» THE DATA:

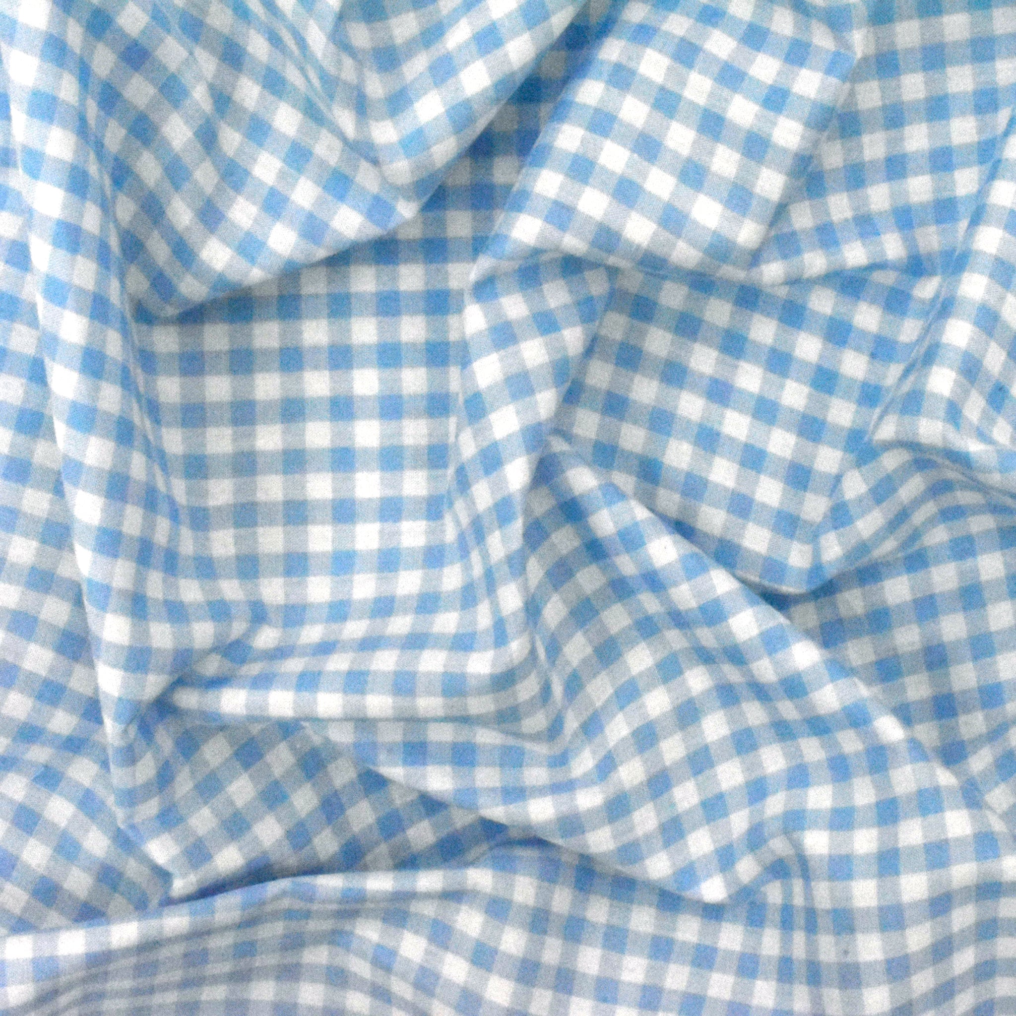 Sky Blue-White Cotton Gingham Batiste Woven Fabric
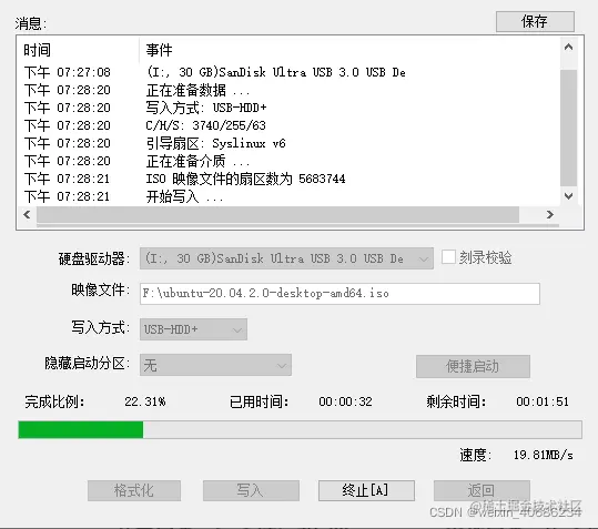 5.选择格式U盘,选择写入方式为USB-HDD+,点击写入,等待写入完成。
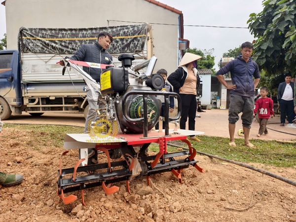Khách hàng sau khi chạy thử đánh giá máy hoạt động ổn định, lực kéo mạnh, di chuyển linh hoạt trên nền đất ruộng và đất đồi.
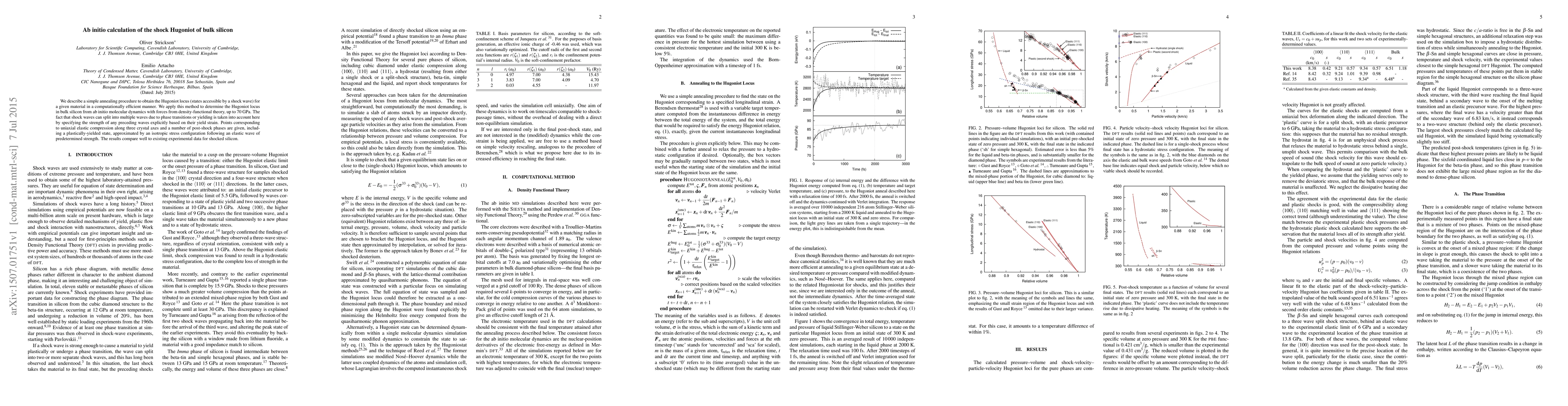 We describe a simple annealing procedure to obtain the Hugoniot locus (states accessible by a shock wave) for a given material in a computationally efficient manner. We apply this method to determine the Hugoniot locus in bulk silicon from ab initio molecular dynamics with forces from density-functional theory, up to 70 GPa. The fact that shock waves can split into multiple waves due to phase transitions or yielding is taken into account here by specifying the strength of any preceding waves explicitly based on their yield strain. Points corresponding to uniaxial elastic compression along three crystal axes and a number of post-shock phases are given, including a plastically-yielded state, approximated by an isotropic stress configuration following an elastic wave of predetermined strength. The results compare well to existing experimental data for shocked silicon.
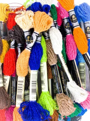Муліне DMC (Франція) – якісні, з легким полиском нитки, використовуються для вишивання хрестиком та гладдю, низинкою, колодочками та іншими техніками.
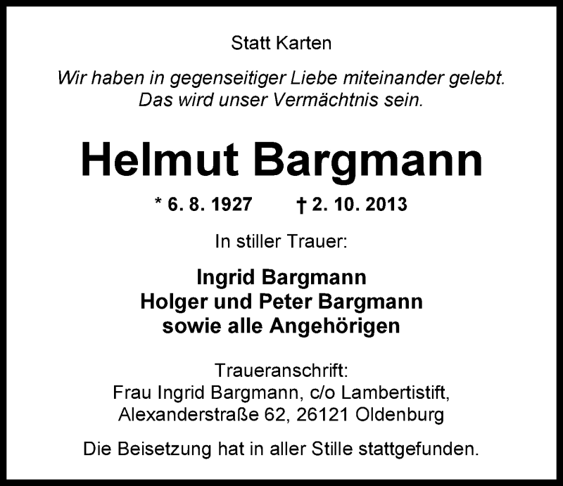 Hier finden Sie alle Traueranzeigen aus der Zeitung, die bisher für Helmut Bargmann erschienen sind. Weitere Traueranzeigen, die in der Zeitung erscheinen, werden hier ebenfalls aufgelistet
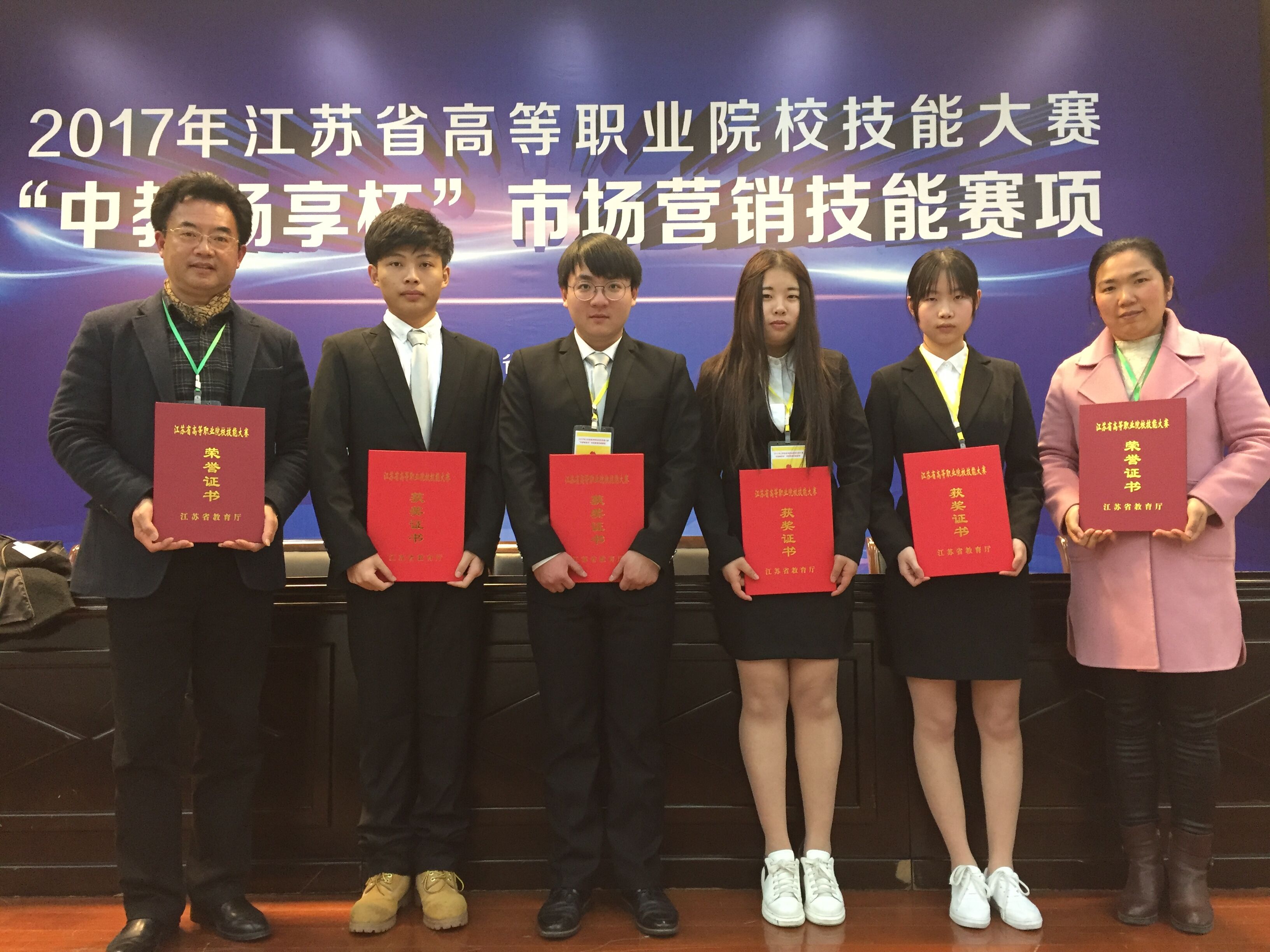 3月9日到11日,由沈晨昊、刘丽君老师指导,张海天、孔晨至、戴伟、朱洁四名同学组成的代表队,在无锡商业职业技术学院与来自全省的其他47支高职院代表队的188名选手展开了激烈地竞争。参赛选手不畏强手,沉着应战,经过两天三个项目的激烈角逐,获得“中教畅享杯”市场营销技能赛项团体三等奖。
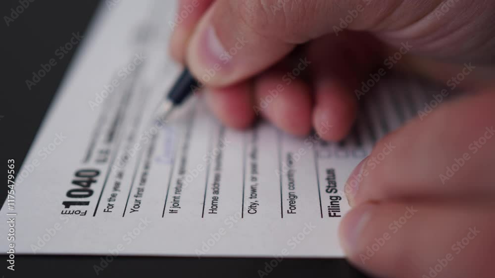 Man Filling In The Tax Form 1040 for 2024 Year Person Calculates of
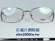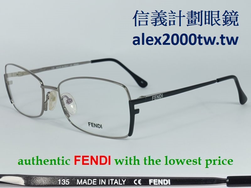全新真品 FENDI 光學眼鏡, F959 義大利製 公司貨, 金屬框 兩邊鏡架上都有雙F的logo和Fendi字樣
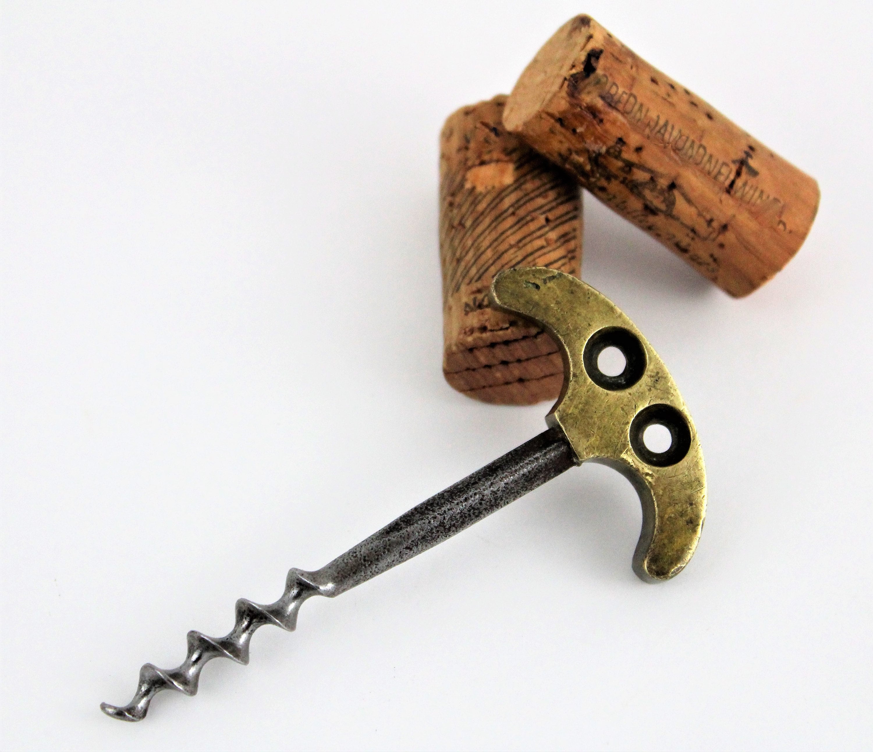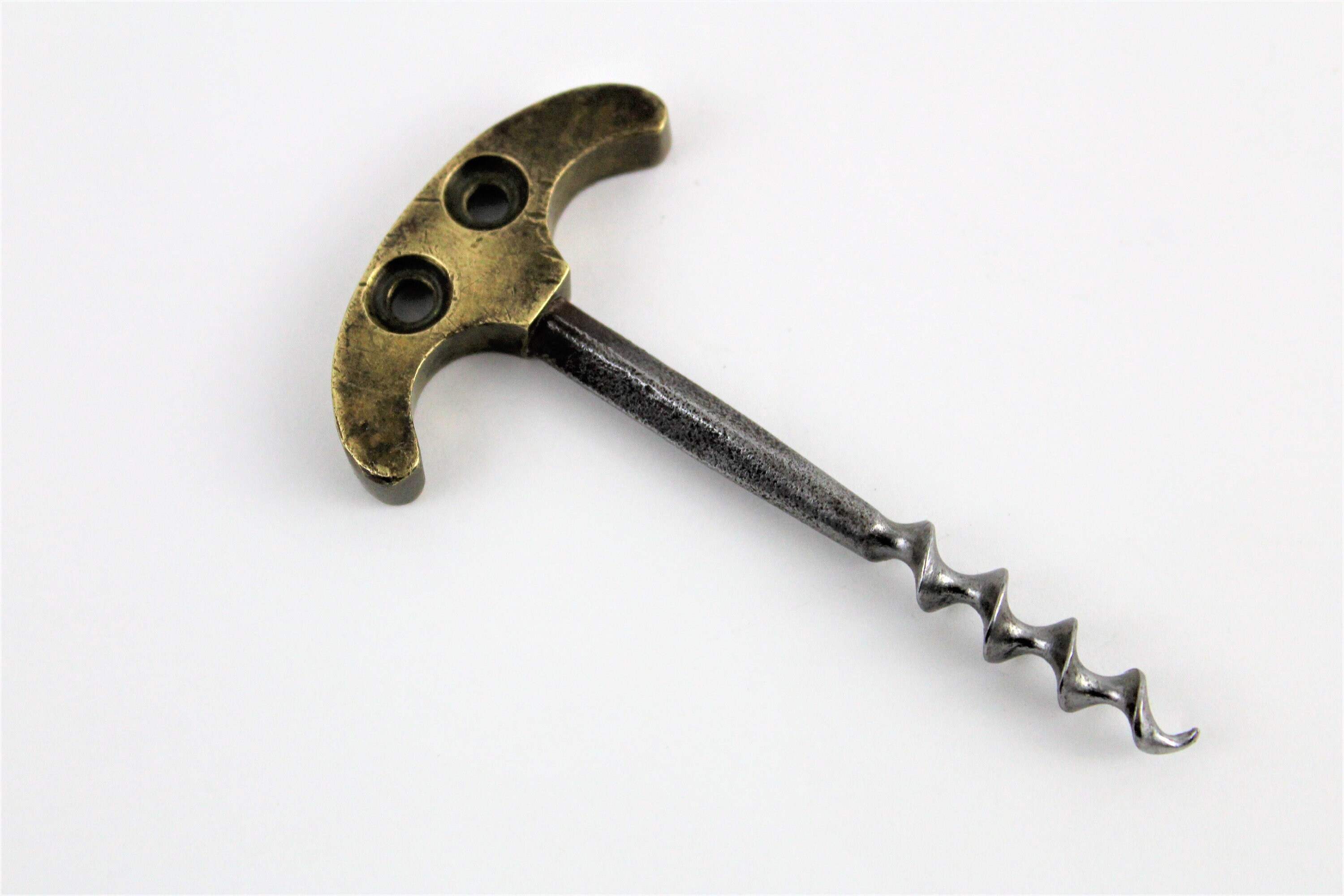 This corkscrew is made with a decorative crescent shaped brass handle and a steel bladed worm (corkscrew)
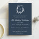 Invitación monograma boda de escudo azul marino de araña clás
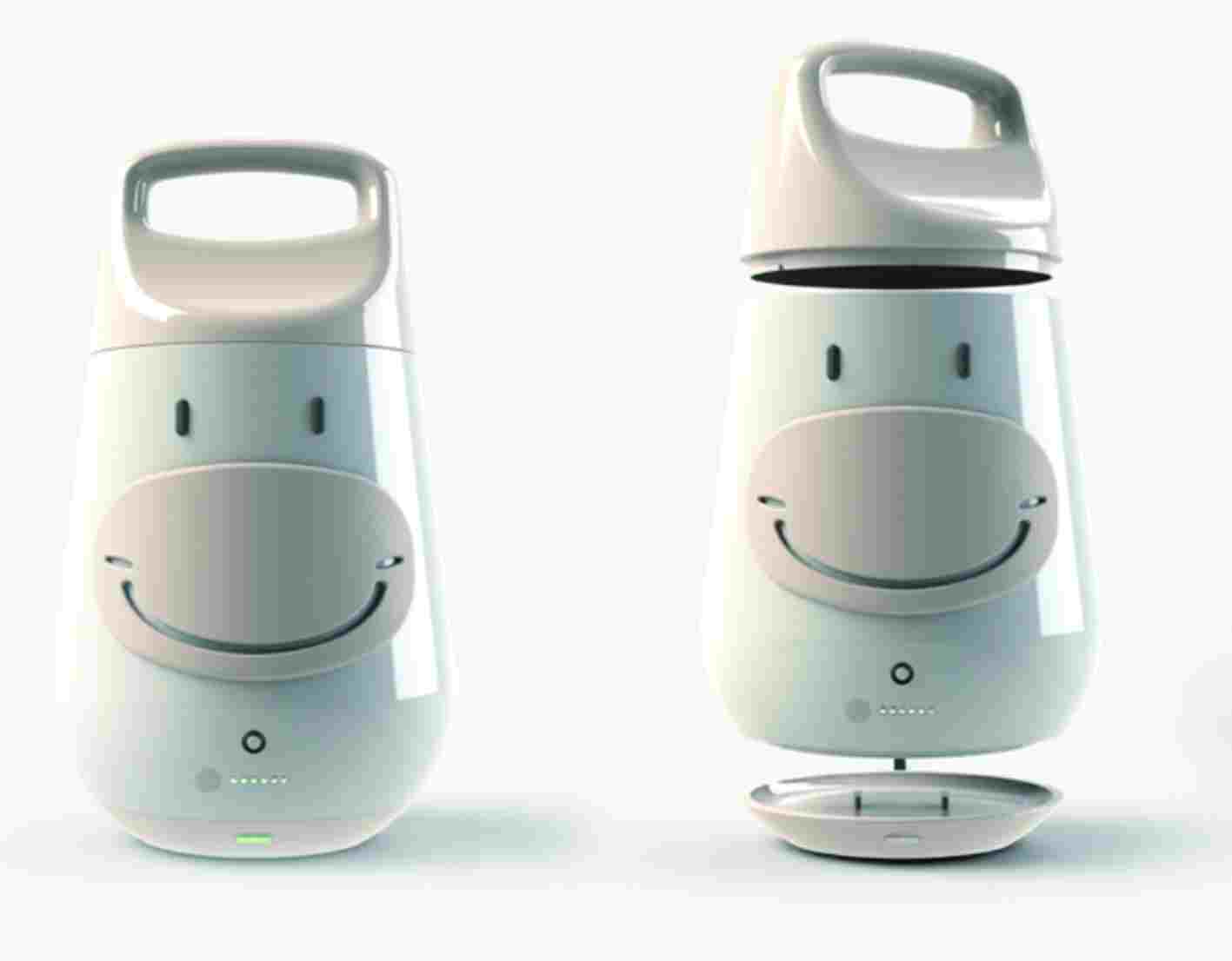 设计师Phornpavee Saiyavath专为儿童设计的便携式哮喘雾化器Nebbie,将吸入器和雾化器合二为一,奶牛头造型不仅能够吸引儿童注意力,还能在他们突发哮喘时起到辅助作用。Nebbie像一个保温杯,由安全塑料和胶制成,内置充电电池,底座有通风口、电量指示灯和充电指示灯,长按橡胶充电按钮可以看到剩余电量。旋转打开活动顶盖,组装好零部件,打开支架固定呼吸管,将存放于储药格中的药粉放入,就可以对宝宝进行雾化治疗。
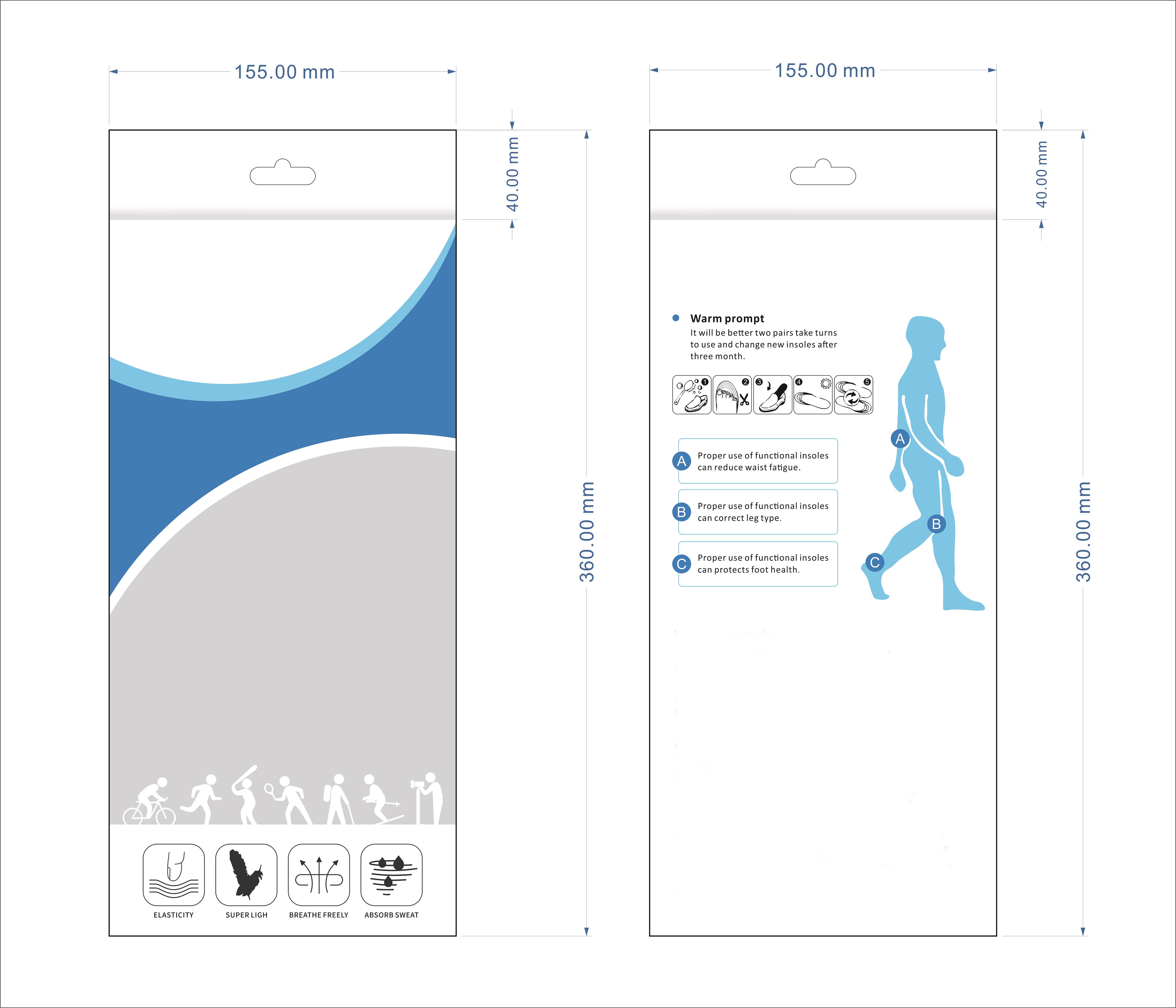 I need fresh and new desing for this packaging. This packaging is for insoles that reduce weight and price (the product does not affect sports or athletes) The packaging must be in 4 colors: white / black / light green: ecffeb / dark green: 54c248 green need to be used soft (and gray for transparency) .The size is the same to the sample packaging the front panel: - it must contain my logo in the top - icons like the example. - A design above the 4 icons (like a) but not on the sport, you can use daily situation (walk the dog, walk for ... The back side Part 1 - it must contain my logo in the top - this text must be included: 1: "promote to lose weight" 2: "Increases blood flow and oxygen in your body" 3: "Relieves muscle and joint pain "4:" Increases energy and stress stress "with one to two numbers (1 of 2) : cut out your insole 3: insert your insole into your shoes 4: clean only with water Footer - include this type icons (like example)
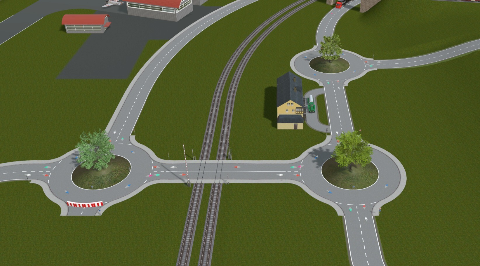 ich habe eine andere Lösung für das Problem. In den Fällen, wo zwei Einmündungen zu dicht beieinander liegen, ersetze ich eine durch einen Kreisverkehr. Da ist die "Vorwarnzeit" nicht so weit voraus. Der Trend geht ja im Straßenverkehr sowieso weg von Kreuzungen und Einmündungen hin zu Kreiseln. Ist ja auch irgendwie flüssiger im Ablauf. Funktioniert sogar mit je einem kleinen EV-Zusatz für zwei Kreisverkehre mit Bahnübergang dazwischen (siehe Anhänge). Als Nächstes will ich probieren, ob ich bei einer Ampelkreuzung nach Vorbild von Goetz's "Kreuzungen und Einmündungen" (aber ohne Linksabbiegespur) die Vorfahrt in den beiden freigegebenen Richtungen hinkriege. Das hatte ich schon mal versucht, ist damals aber noch nicht gelungen. Jetzt probiere ich es noch mal mit den geteilten Straßen wie bei der Eimündung.

» WHAT YOU ARE ASKED TO DO: Using the listing above, repeat word for word each line from the one with "全新真品 FENDI 光學眼鏡, F959" down to the one with "设计师Phornpavee Saiyav", both included. Omit all pictures.

» SOLUTION TO THE EXERCISE:
全新真品 FENDI 光學眼鏡, F959 義大利製 公司貨, 金屬框 兩邊鏡架上都有雙F的logo和Fendi字樣
 This corkscrew is made with a decorative crescent shaped brass handle and a steel bladed worm (corkscrew)
 Invitación monograma boda de escudo azul marino de araña clás
 设计师Phornpavee Saiyavath专为儿童设计的便携式哮喘雾化器Nebbie,将吸入器和雾化器合二为一,奶牛头造型不仅能够吸引儿童注意力,还能在他们突发哮喘时起到辅助作用。Nebbie像一个保温杯,由安全塑料和胶制成,内置充电电池,底座有通风口、电量指示灯和充电指示灯,长按橡胶充电按钮可以看到剩余电量。旋转打开活动顶盖,组装好零部件,打开支架固定呼吸管,将存放于储药格中的药粉放入,就可以对宝宝进行雾化治疗。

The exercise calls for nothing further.